Today, Ms. Cowen-Hirsch brings this sense of internal drive and mission-focused passion to her current position as Inmarsat’s Senior Vice President for Government Strategy and Policy in the United States Government Business Unit. Previously, as a decorated member of the Senior Executive Service (SES) in the U.S. Department of Defense (DoD), she served as the Program Executive Officer for SATCOM, Teleport and Services at the Defense Information Systems Agency (DISA). This was one of several key SES executive posts, including the first-ever Vice Component Acquisition Executive for DISA, with executive management responsibility for the acquisition oversight and horizontal integration of DISA’s products, services and programs.
Among her notable achievements, Ms.
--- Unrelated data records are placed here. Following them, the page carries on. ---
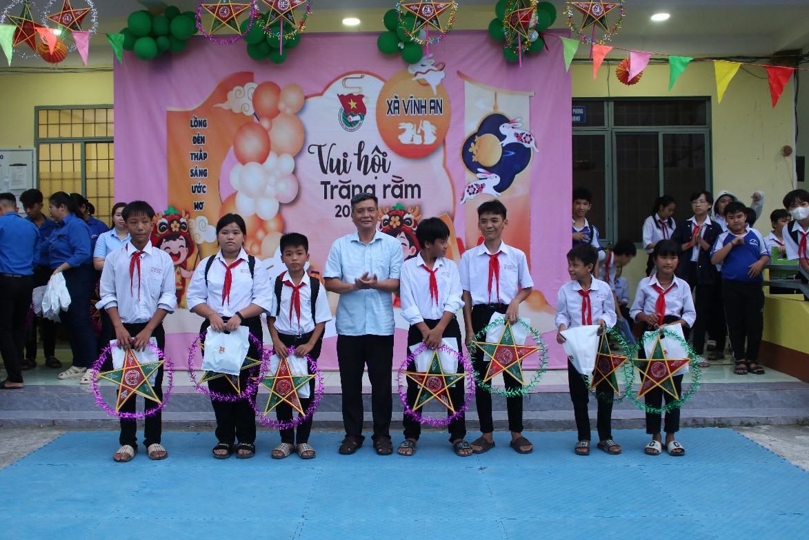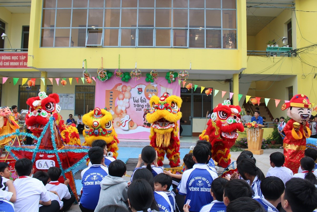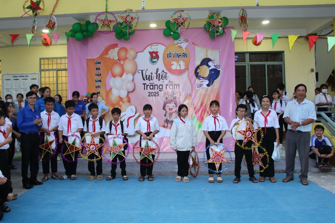 Chiều ngày 6/10/2025, tại UBND xã Vĩnh An, trường THCS Vĩnh Bình phối hợp với Đoàn Thanh niên Cộng sản Hồ Chí Minh xã Vĩnh An tổ chức chương trình “Vui hội trăng rằm”. Tham dự chương trình có đồng chí Trần Văn Bình Linh, Phó Bí thư Đảng ủy - Chủ tịch UBND xã Vĩnh An; đồng chí Trương Hòa Lắm, UVBTV Đảng ủy - Phó Chủ tịch UBND xã Vĩnh An; đồng chí Nguyễn Vạn Huy, Phó Chủ tịch UBMTTQVN xã - Kiêm Bí thư Đoàn thanh niên xã Vĩnh An, cùng mạnh thường quân và các đồng chí thuộc các ngành, đoàn thể, xã, ấp; Ban Giám hiệu nhà trường tham dự.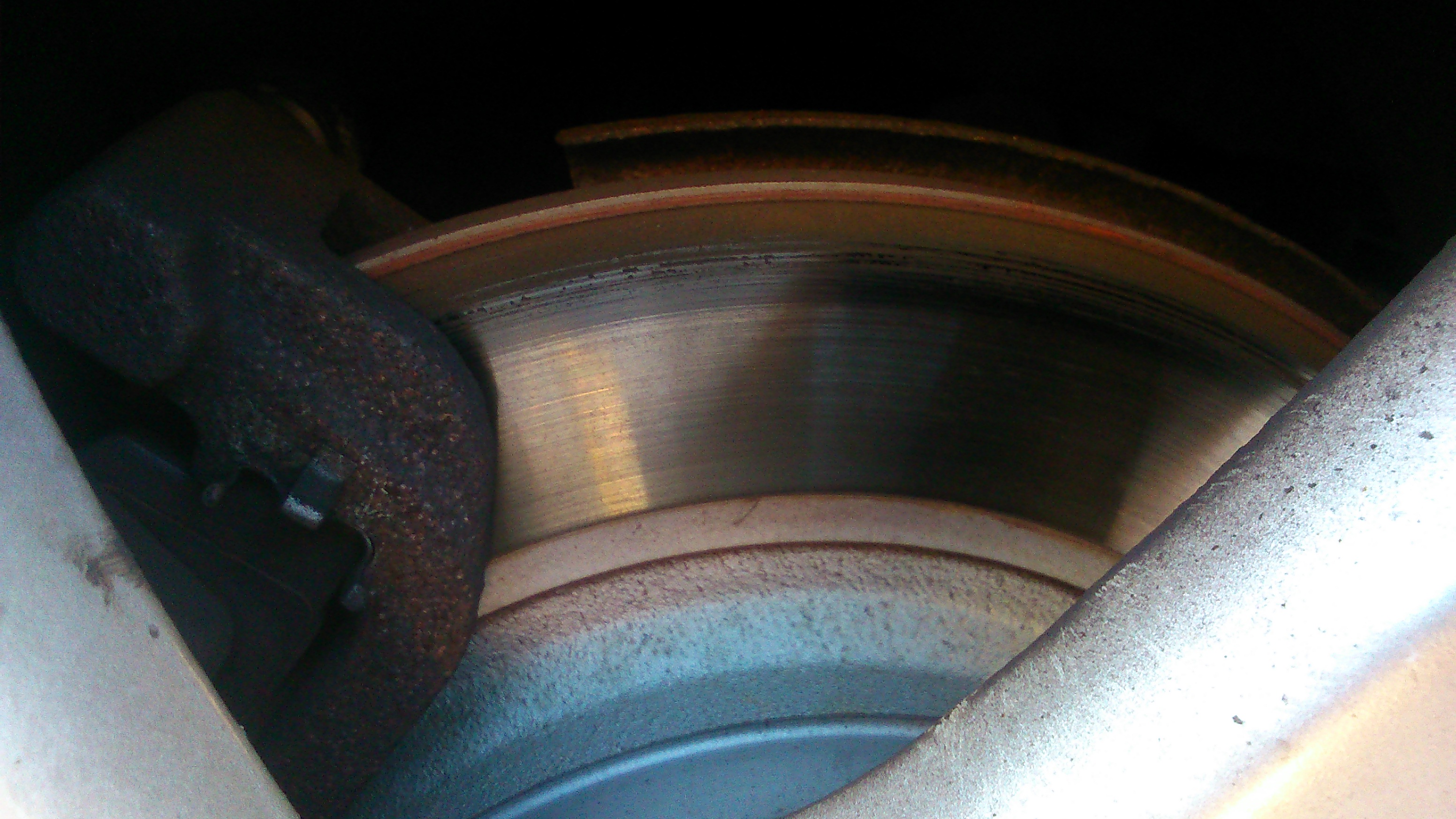 Panowie, szybciutkie pytanko-czy to wygląda normalnie? Tarcza ATE z tylnego lewego koła. Dla porównania tarcza z prawego koła jest cała metaliczna, bez tego dziwnego wąsa. Dwa miesiące temu wymieniałem klocki i tarcze i zastanawiam się, czy mechanik nie spieprzył wymiany. Dodam, że od tego momentu przejechałem ok 3000 km.
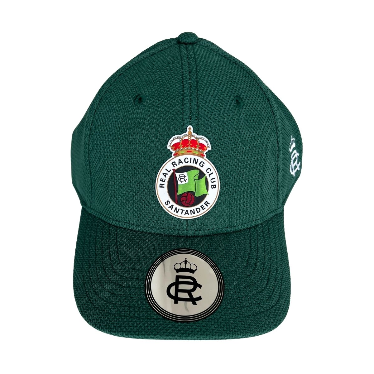 Gorra premium verde oficial del Real Racing Club con escudo frontal bordado. Diseño elegante, cómodo y exclusivo, disponible en tallas adulto y niño.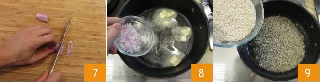Luego, prepara el sofrito. Pica finamente la chalota 7 y colócala en una cacerola donde ya habrás derretido la mitad de la dosis de mantequilla 8, el resto se usará para mantecar el risotto más tarde. Deja que la chalota se ablande ligeramente, removiendo a menudo, tardará unos 5 minutos (puedes añadir un cucharón de caldo caliente). Después, vierte el arroz dentro 9.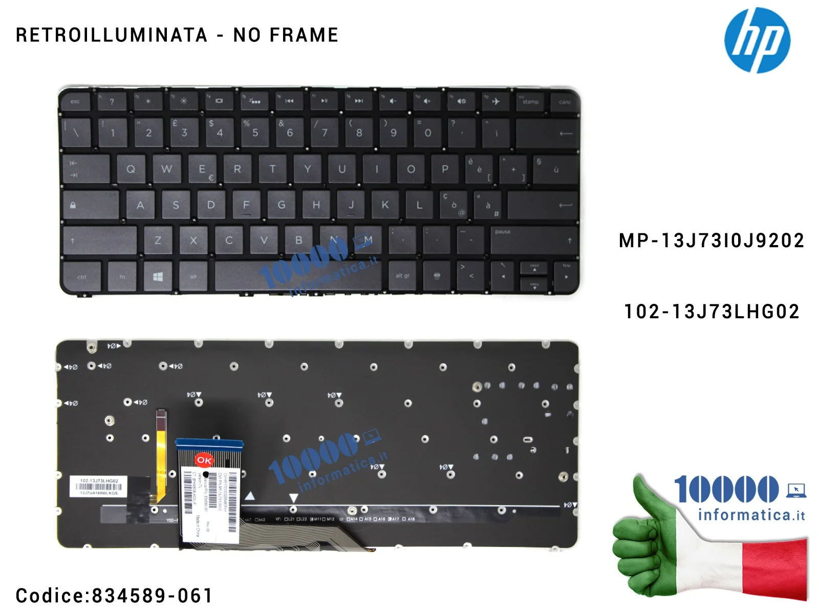 Tastiera Italiana Retroilluminata (NERA) HP Spectre x360 13-4000 13-4100 13-4200 (SENZA FRAME) 834589-061 MP-13J73I0J9202 102-13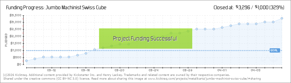 Hello everyone. I wanted to thank all of you for your support with the Machinist Swiss Cube campaign. Production should begin within the next few weeks and we are looking forward to shipping these awesome cubes to you! (Read More)

Cowen-Hirsch established the Defense Spectrum Office as its first Director, where her responsibilities included the development of national security spectrum strategic plans and policies, and the national and international negotiation of defense spectrum issues. Her broad defense career ranged from systems engineering, experimental flight test, program management, spectrum management and a wide range of executive leadership positions. After years of selfless dedication to the DoD, Ms. Cowen-Hirsch received an Exemplary Service Medal.
Academically, she earned a Bachelor of Science Degree in Electrical Engineering at the University of Kentucky, and conducted post-graduate studies in Engineering Management. She is a graduate of the University of Tennessee Space Institute Experimental Flight Test Program, the DoD’s Acquisition Management Program and the Cambridge Senior Executive Leadership Program. Mrs. Cowen-Hirsch was inducted into the University of Kentucky College of Engineering’s Alumni Hall of Distinction, which recognizes alumni who have demonstrated distinguished engineering professional accomplishments, outstanding character and commitment to community service.
MilsatMagazine (MSM)
Good day, Ms. Cowen-Hirsch. Would you afford our readers some insight into your background and expertise, and why you eventually decided to leave the DoD to pursue your career at Inmarsat and its U.S. Government Business Unit?
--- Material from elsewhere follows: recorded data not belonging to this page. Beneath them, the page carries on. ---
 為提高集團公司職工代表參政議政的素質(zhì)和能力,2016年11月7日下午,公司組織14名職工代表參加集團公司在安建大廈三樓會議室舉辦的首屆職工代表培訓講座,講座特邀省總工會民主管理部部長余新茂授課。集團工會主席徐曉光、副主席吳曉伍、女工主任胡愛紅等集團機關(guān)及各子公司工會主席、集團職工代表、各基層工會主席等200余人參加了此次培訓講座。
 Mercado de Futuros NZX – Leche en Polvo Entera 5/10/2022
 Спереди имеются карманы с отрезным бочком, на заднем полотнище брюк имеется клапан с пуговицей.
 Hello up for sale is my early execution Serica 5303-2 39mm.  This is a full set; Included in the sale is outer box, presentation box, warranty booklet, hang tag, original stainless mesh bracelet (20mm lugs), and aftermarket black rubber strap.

Rebecca M. Cowen-Hirsch (RMCH)
I was familiar with Inmarsat during my time in the DoD and was impressed with the company’s technology and approach to their government business. The leadership team and the exceptional professional ethos of the company was compelling as well, so it was a natural fit for me.
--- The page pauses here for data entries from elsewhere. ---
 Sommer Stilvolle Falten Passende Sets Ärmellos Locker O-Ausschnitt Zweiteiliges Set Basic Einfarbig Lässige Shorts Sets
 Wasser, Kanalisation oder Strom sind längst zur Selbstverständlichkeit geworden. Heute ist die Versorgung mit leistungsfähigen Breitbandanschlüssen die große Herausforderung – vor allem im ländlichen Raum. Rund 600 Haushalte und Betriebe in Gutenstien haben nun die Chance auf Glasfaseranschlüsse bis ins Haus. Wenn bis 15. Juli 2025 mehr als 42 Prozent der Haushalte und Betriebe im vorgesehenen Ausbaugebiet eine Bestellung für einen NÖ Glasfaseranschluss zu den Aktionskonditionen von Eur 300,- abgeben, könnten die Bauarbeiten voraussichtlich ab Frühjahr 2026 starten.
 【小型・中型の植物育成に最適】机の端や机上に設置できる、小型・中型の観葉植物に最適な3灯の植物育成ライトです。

In joining Inmarsat, I was intrigued by the opportunity to act as what I call a “chief translator” between industry and government. The experience and insights I bring to the company on how the U.S. government operates -- its strategic imperatives, governing statues and policies as well as restrictions, advantages and opportunities – allow me to help shape our company’s thinking and direction for the government market.
I am able to translate national security requirements and operational scenarios and deficiencies into viable business cases and commercial solutions that improve the effectiveness of government operations and successful mission outcomes.
My background also allows me to communicate with the government in a language and manner that they understand within their own policy framework. I can champion new innovative methodologies for both operational and acquisition functions.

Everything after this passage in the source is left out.